Exercise details: Copy all records exactly; omit pictures.

____ Information shown

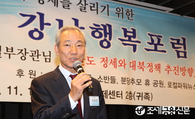(조세금융신문=전한성 기자) '제10차 강남행복포럼'이 18일 오전 서울 강남구 테헤란로 샹제리제센터에서 열린 가운데 새누리당 김종훈 의원이 축사를 하고 있다.
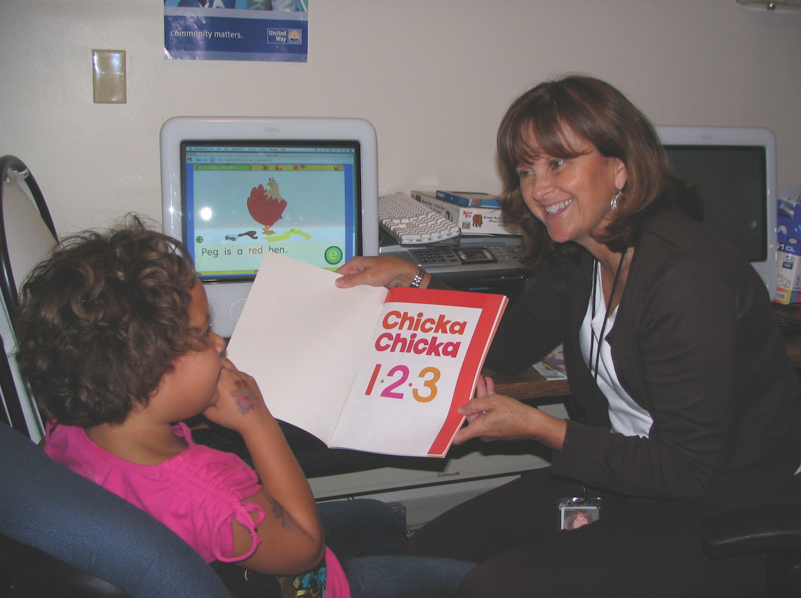 An instructor at School on Wheels of Massachusetts makes after-school learning fun as she works with a student in the program, reinforcing skills that the student learns during regular school hours so that she keeps pace with her peers.
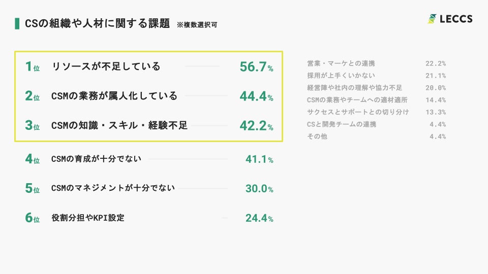 組織や人材に関する課題について質問したところ、「リソースが不足している」が最も多い回答となりました。カスタマーサクセス人材に求められるスキルセットが高度化・多様化する中、どの組織もリソース不足で、新人教育やマネジメント経験が進まず人材育成に苦戦していることがわかります。
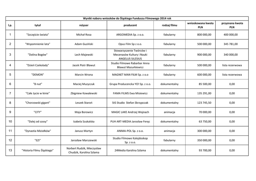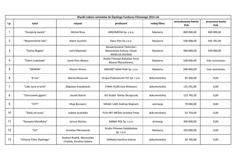 Wyniki naboru wniosków do Śląskiego Funduszu Filmowego 2014 rok wnioskowana kwota PLN przyznana kwota PLN l.p. tytuł reżyser producent rodzaj filmu 1 "Szczęście świata" Michał Rosa ARGOMEDIA Sp. z o.o. fabularny 800 000,00 400 000,00 2 "Wspomnienie lata" Adam Guziński Opus Film Sp z o.o. fabularny 500 000,00 345 781,00 3 "Dolina Bogów" Lech Majewski fabularny 900 000,00 340 000,00 4 "Dzień Czekolady" Jacek Piotr Bławut fabularny 500 000,00 lista rezerwowa 5 "DEMON" Marcin Wrona MAGNET MAN FILM Sp. z o.o fabularny 600 000,00 lista rezerwowa 6 "8 nut" Maciej Muzyczuk Grupa Producencka YO! Sp. z o.o. dokumentalny 85 500,00 0,00 7 "Całe życie w kinie" Zbigniew Kowalewski FAMA FILMS Ewa Misiewicz dokumentalny 135 291,00 0,00 8 "Chorzowski gigant" Leszek Staroń StS Studio Stefan Skrzypczak dokumentalny 123 745,50 0,00 9 "CITY" Maja Borowicz MAGIC LAKE Andrzej Wojnach animacja 70 000,00 0,00 10 "Dalej od szosy" Izabela Szukalska PUH ART-MEDIA Jarosław Feręc dokumentalny 63 750,00 0,00 11 "Dynastia Miziołków" Janusz Martyn ANIMA-POL Sp. z o.o. animacja 300 000,00 0,00 12 "EZI" Jarosław Marszewski Studio Filmowe Kalejdoskop Sp. z o.o. fabularny 350 000,00 0,00 13 "Historia Filmu Śląskiego" Norbert Rudzik, Mieczysław Chudzik, Karolina Szlama 24Media Karolina Szlama dokumentalny 93 700,00 0,00 Stowarzyszenie Twórców i Mecenasów Kultury i Nauki ANGELUS SILESIUS Studio Filmowe Rabarbar Anna Bławut Mazurkiewicz 14 "Informacje niejawne" Gerwazy Paweł Reguła Alternative Studio Marek Klimaszewski fabularny 600 000,00 0,00 15 "Krzyżoki" Anna Gawlita KIJORA ANNA GAWLITA dokumentalny 45 000,00 0,00 16 "LIFE MUST GO ON!" Maciej Migas Instytucja Filmowa FILM-ART. fabularny 200 000,00 0,00 17 "MARZYCIEL I METAFIZYKA" Dagmara Drzazga TVP S.A. O/K-ce dokumentalny 89 400,00 0,00 18 "Michał Spisak - listy rozproszone" Violetta Rotter Kozera TVP S.A. O/K-ce dokumentalny 90 000,00 0,00 19 "Niekoniecznie o Jędrzeju" Olga Kałagate Stowarzyszenie Filmowców Polskich fabularny 45 000,00 0,00 20 "NIEPODLEGŁOŚĆ" Krzysztof Talczewski Grupa dr. A.R Kwiecińskiego dokumentalny 300 000,00 0,00 21 "Obrona Męki Bożej" Stefan Skrzypczak StS Studio Stefan Skrzypczak dokumentalny 66 554,00 0,00 22 "ORŁY" Wojciech Klimala NORDFILM Sp. z o.o. fabularny 500 000,00 0,00 23 "Pan Toti" Łukasz Słuszkiewicz, Jaroslav Baran ORANGE Studio Animacji Sp. z o.o. animacja 160 160,00 0,00 24 "Perfect killing" Antonio Ernesto Galdamez Munoz TOFI PRODUCTIONS S.C. T. Morawski, F. Haman fabularny 75 000,00 0,00 25 "Photon" Norman Leto (Łukasz Banach) Lightcraft Advertising Sp. z o.o. animacja 385 800,00 0,00 26 "Pieroński styl" Aleksander Kozłowski, Michał Muzyczuk Grupa Producencka YO! Sp. z o.o. dokumentalny 70 000,00 0,00 27 "Przekraczając granice Kapuściński" Andreas Hoessli CENTRALA DISTRIBUTION Sp. z o.o. dokumentalny 98 163,84 0,00 28 "Rekonstrukcja mitu-Stanisław Szukalski zapomniany wizjoner" Wojciech Królikowski PUH ART-MEDIA Jarosław Feręc dokumentalny 75 000,00 0,00 29 "Skaza niewinnych" Radosław Markiewicz GFM Grupa Fresh Media Jacek Czepułkowski fabularny 375 780,00 0,00 30 "Szurman" Paweł Smolorz ANTENA GÓRNOŚLĄSKA Studio Programów i Filmów Telewizyjnych dokumentalny 85 102,51 0,00 31 "Ucho wewnętrzne" Magdalena Gubała, Szymon Uliasz MAGIC PRODUCTION Sp. z o.o. dokumentalny 150 000,00 0,00 32 "Życie jak muzyka - ballada o zespole Dżem" Paweł Bogocz "DŻEM" S.C. L. Martinek i wspólnicy dokumentalny 187 310,00 0,00 33 "Biskup robotników" Wojciech Sarnowicz ANTENA GÓRNOŚLĄSKA Studio Programów i Filmów Telewizyjnych dokumentalny 93 289,00 wniosek wycofany na prośbę producenta 34 "Gwiazdy" Jan Kidawa - Błoński Film Point Group Sp. z o.o. fabularny 500 000,00 wniosek złożony po wymaganym terminie 35 "Kalafiory o smaku kiwi" Tomasz Jurkiewicz CENTRALA DISTRIBUTION Sp. z o.o. fabularny 200 000,00 wniosek wycofany na prośbę producenta 36 "Miesiąc miodowy" Andy Fetscher Papermoon films gmbh fabularny 250 000,00 wniosek nie spełniał wymogów formalnych 37 "Ojczulek Polaków" Grzegorz Łubczyk Fundacja Dobre Wieści dokumentalny 80 000,00 wniosek złożony po wymaganym terminie
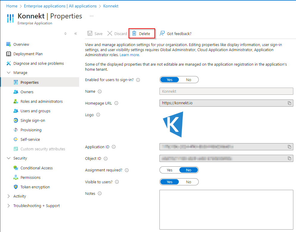 ## Delete KONNEKT permissions from Microsoft Entra ID (Azure AD) Enterprise Applications
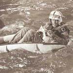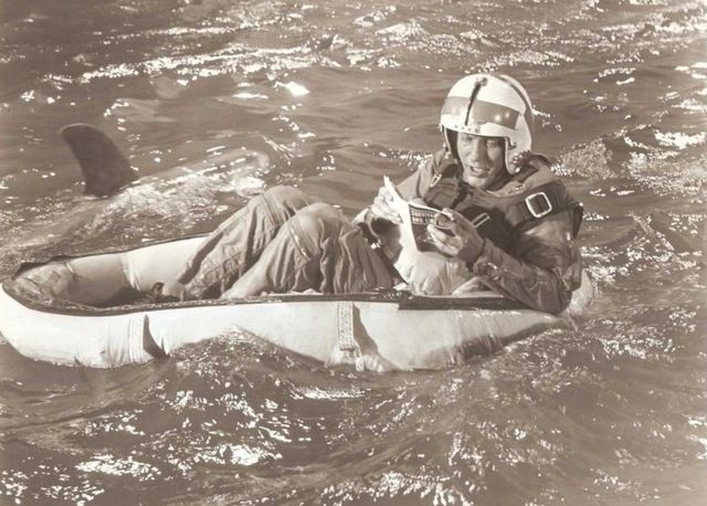 ديك فان دايم فى الماء بعد ان قفز من طائرته

________

Answer for the task:
(조세금융신문=전한성 기자) '제10차 강남행복포럼'이 18일 오전 서울 강남구 테헤란로 샹제리제센터에서 열린 가운데 새누리당 김종훈 의원이 축사를 하고 있다.
 An instructor at School on Wheels of Massachusetts makes after-school learning fun as she works with a student in the program, reinforcing skills that the student learns during regular school hours so that she keeps pace with her peers.
 組織や人材に関する課題について質問したところ、「リソースが不足している」が最も多い回答となりました。カスタマーサクセス人材に求められるスキルセットが高度化・多様化する中、どの組織もリソース不足で、新人教育やマネジメント経験が進まず人材育成に苦戦していることがわかります。
 Wyniki naboru wniosków do Śląskiego Funduszu Filmowego 2014 rok wnioskowana kwota PLN przyznana kwota PLN l.p. tytuł reżyser producent rodzaj filmu 1 "Szczęście świata" Michał Rosa ARGOMEDIA Sp. z o.o. fabularny 800 000,00 400 000,00 2 "Wspomnienie lata" Adam Guziński Opus Film Sp z o.o. fabularny 500 000,00 345 781,00 3 "Dolina Bogów" Lech Majewski fabularny 900 000,00 340 000,00 4 "Dzień Czekolady" Jacek Piotr Bławut fabularny 500 000,00 lista rezerwowa 5 "DEMON" Marcin Wrona MAGNET MAN FILM Sp. z o.o fabularny 600 000,00 lista rezerwowa 6 "8 nut" Maciej Muzyczuk Grupa Producencka YO! Sp. z o.o. dokumentalny 85 500,00 0,00 7 "Całe życie w kinie" Zbigniew Kowalewski FAMA FILMS Ewa Misiewicz dokumentalny 135 291,00 0,00 8 "Chorzowski gigant" Leszek Staroń StS Studio Stefan Skrzypczak dokumentalny 123 745,50 0,00 9 "CITY" Maja Borowicz MAGIC LAKE Andrzej Wojnach animacja 70 000,00 0,00 10 "Dalej od szosy" Izabela Szukalska PUH ART-MEDIA Jarosław Feręc dokumentalny 63 750,00 0,00 11 "Dynastia Miziołków" Janusz Martyn ANIMA-POL Sp. z o.o. animacja 300 000,00 0,00 12 "EZI" Jarosław Marszewski Studio Filmowe Kalejdoskop Sp. z o.o. fabularny 350 000,00 0,00 13 "Historia Filmu Śląskiego" Norbert Rudzik, Mieczysław Chudzik, Karolina Szlama 24Media Karolina Szlama dokumentalny 93 700,00 0,00 Stowarzyszenie Twórców i Mecenasów Kultury i Nauki ANGELUS SILESIUS Studio Filmowe Rabarbar Anna Bławut Mazurkiewicz 14 "Informacje niejawne" Gerwazy Paweł Reguła Alternative Studio Marek Klimaszewski fabularny 600 000,00 0,00 15 "Krzyżoki" Anna Gawlita KIJORA ANNA GAWLITA dokumentalny 45 000,00 0,00 16 "LIFE MUST GO ON!" Maciej Migas Instytucja Filmowa FILM-ART. fabularny 200 000,00 0,00 17 "MARZYCIEL I METAFIZYKA" Dagmara Drzazga TVP S.A. O/K-ce dokumentalny 89 400,00 0,00 18 "Michał Spisak - listy rozproszone" Violetta Rotter Kozera TVP S.A. O/K-ce dokumentalny 90 000,00 0,00 19 "Niekoniecznie o Jędrzeju" Olga Kałagate Stowarzyszenie Filmowców Polskich fabularny 45 000,00 0,00 20 "NIEPODLEGŁOŚĆ" Krzysztof Talczewski Grupa dr. A.R Kwiecińskiego dokumentalny 300 000,00 0,00 21 "Obrona Męki Bożej" Stefan Skrzypczak StS Studio Stefan Skrzypczak dokumentalny 66 554,00 0,00 22 "ORŁY" Wojciech Klimala NORDFILM Sp. z o.o. fabularny 500 000,00 0,00 23 "Pan Toti" Łukasz Słuszkiewicz, Jaroslav Baran ORANGE Studio Animacji Sp. z o.o. animacja 160 160,00 0,00 24 "Perfect killing" Antonio Ernesto Galdamez Munoz TOFI PRODUCTIONS S.C. T. Morawski, F. Haman fabularny 75 000,00 0,00 25 "Photon" Norman Leto (Łukasz Banach) Lightcraft Advertising Sp. z o.o. animacja 385 800,00 0,00 26 "Pieroński styl" Aleksander Kozłowski, Michał Muzyczuk Grupa Producencka YO! Sp. z o.o. dokumentalny 70 000,00 0,00 27 "Przekraczając granice Kapuściński" Andreas Hoessli CENTRALA DISTRIBUTION Sp. z o.o. dokumentalny 98 163,84 0,00 28 "Rekonstrukcja mitu-Stanisław Szukalski zapomniany wizjoner" Wojciech Królikowski PUH ART-MEDIA Jarosław Feręc dokumentalny 75 000,00 0,00 29 "Skaza niewinnych" Radosław Markiewicz GFM Grupa Fresh Media Jacek Czepułkowski fabularny 375 780,00 0,00 30 "Szurman" Paweł Smolorz ANTENA GÓRNOŚLĄSKA Studio Programów i Filmów Telewizyjnych dokumentalny 85 102,51 0,00 31 "Ucho wewnętrzne" Magdalena Gubała, Szymon Uliasz MAGIC PRODUCTION Sp. z o.o. dokumentalny 150 000,00 0,00 32 "Życie jak muzyka - ballada o zespole Dżem" Paweł Bogocz "DŻEM" S.C. L. Martinek i wspólnicy dokumentalny 187 310,00 0,00 33 "Biskup robotników" Wojciech Sarnowicz ANTENA GÓRNOŚLĄSKA Studio Programów i Filmów Telewizyjnych dokumentalny 93 289,00 wniosek wycofany na prośbę producenta 34 "Gwiazdy" Jan Kidawa - Błoński Film Point Group Sp. z o.o. fabularny 500 000,00 wniosek złożony po wymaganym terminie 35 "Kalafiory o smaku kiwi" Tomasz Jurkiewicz CENTRALA DISTRIBUTION Sp. z o.o. fabularny 200 000,00 wniosek wycofany na prośbę producenta 36 "Miesiąc miodowy" Andy Fetscher Papermoon films gmbh fabularny 250 000,00 wniosek nie spełniał wymogów formalnych 37 "Ojczulek Polaków" Grzegorz Łubczyk Fundacja Dobre Wieści dokumentalny 80 000,00 wniosek złożony po wymaganym terminie
 ## Delete KONNEKT permissions from Microsoft Entra ID (Azure AD) Enterprise Applications
 ديك فان دايم فى الماء بعد ان قفز من طائرته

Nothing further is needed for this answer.